2.1.6. Resting-state fMRI analyses

Preprocessing of resting state fMRI (see Supplement) used a standard pipeline [5053] as detailed in the Supplement; one patient’s fMRI failed quality checks and was excluded from fMRI analyses. A single 10 mm sphere centered at the subgenual region (6, 16, −10) as previously reported [10] was masked to exclude voxels falling outside of the brain. The functional connectivity between this subgenual region and a 10 mm sphere centered at each cortical target for each of the remaining 48 patients and each rule was derived. Specifically, the residual BOLD time courses from voxels within the subgenual seed region were averaged and correlated with the average BOLD timecourse of each cortical target. The average BOLD timecourse of each cortical target was also correlated with every other brain voxel to produce first-level correlation maps. Correlation coefficients were transformed using the Fisher z-transformation.

For each rule, the average r-to-z correlation at each voxel was compared to 0 and T-statistics computed (AFNI’s 3dttest++-Clustsim option) to identify functional clusters [54,55] significant at α = 0.05 (bi-sided threshold at P < 0.001 [56], faces or edges touch [5759]). Cluster peaks were labeled using the HCP structural atlas [7] and Yeo network atlas [44]. Dice coefficients [60] between the Yeo-7 networks and the network defined by the significant clusters were computed to identify the overlap (range: 0–1) between the resting-state networks functionally connected to each target estimated from TRMD patients and established resting-state networks estimated from healthy controls.
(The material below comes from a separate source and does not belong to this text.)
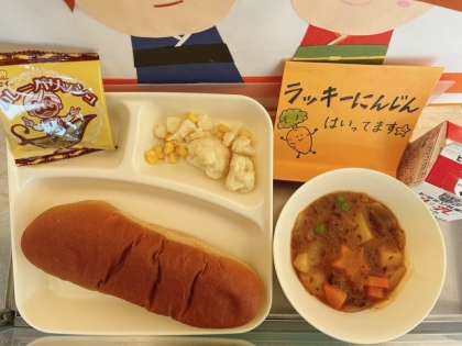 1月16日(木)の給食は、「黒糖パン、牛乳、ビーフシチュー、カリフラワーとコーンのサラダ、カレーフィッシュ」でした。

The Supplement describes an alternate method for identifying the correspondence between networks evoked by each rule and established networks.

3. Results

3.1. Dispersion and labeling of targets

Green error ellipses representing the location and spatial dispersion of targets located using fixed-distance rules (i.e., fixed rules), rules adjusting for head size (i.e., adjusted rules), and the 6 cm rule applied in the parent trial (i.e., applied 6 cm rule) are shown in Fig. 1a. The 8 cm fixed rule is located closest to the adjusted rules, suggesting that the 5 and 6 cm rules popularly used in clinical treatment target a different region of the brain from the optimized rules. As hypothesized, the fixed distance rules have about twice the error ellipse volume (mean ± SD: 654 ± 17 mm3) than the adjusted rules (301 ± 75 mm3), with the increase likely due to head size variability. The variability of target placement of the 6 cm rule implemented in CSP556 was far greater, with an error ellipse volume of 919 mm3, and the location also appeared shifted laterally. This may occur because the structurally defined hand knob used in our rules may be less variable in location than the functionally defined hotspot [61,62]. To test this, we compared the MNI-coordinates of the hand knob location and the motor hotspot fiducial from CSP556. As suspected, the hand knob and motor hotspot coordinates were significantly different (MANOVA, P < 0.001) and the error ellipse volume for the hand knob was much smaller (611 mm3) compared to the motor hotspot (1012 mm3, Fig. S2, Supplement). The average distance between the applied 6 cm rule and the motor hotspot was 5.8 cm and between the virtual 6 cm rule and the hand knob was 6.2 cm, lending additional validity to both the applied and virtual rules, with the caveat that they were measured from different starting positions. Box’s M test showed that covariance matrices were equivalent for all fixed rules, for all adjusted rules, and that the covariances for the fixed, adjusted, and applied 6 cm rule were not equivalent to each other (Fig. 2).

Fig. 1.

Fig. 1.

a) Resting-state networks (average r-to-z across maps generated from 10 mm spherical seeds placed at each individual’s virtual target correlated with all other voxels) for each rule at 3 sagittal slices (MNI x = −35, −5, and 5 mm) and a 3D view from the front. Only significant (corrected on cluster size, p < 0.05) connections with magnitude greater than 0.1 are displayed. Overlaid on the maps is the green error ellipse showing the average location and dispersion of target centers across patients for each rule. b) The spatial distribution of the somatomotor, frontoparietal, ventral attention, and default mode networks as defined by Yeo. c) Bar graphs of the dice overlap between resting-state networks connected to each rule’s virtually traced targets and the Yeo networks.

Fig. 2.

Fig. 2.

Bar height denotes the error ellipse volume for each rule. Rules with equivalent covariance matrices have the same bar pattern. For example, the Applied 6 cm rule bar has upward sloping lines, and is different from the equivalent other fixed distance rules (no pattern) and the equivalent adjusted rules (downward sloping lines).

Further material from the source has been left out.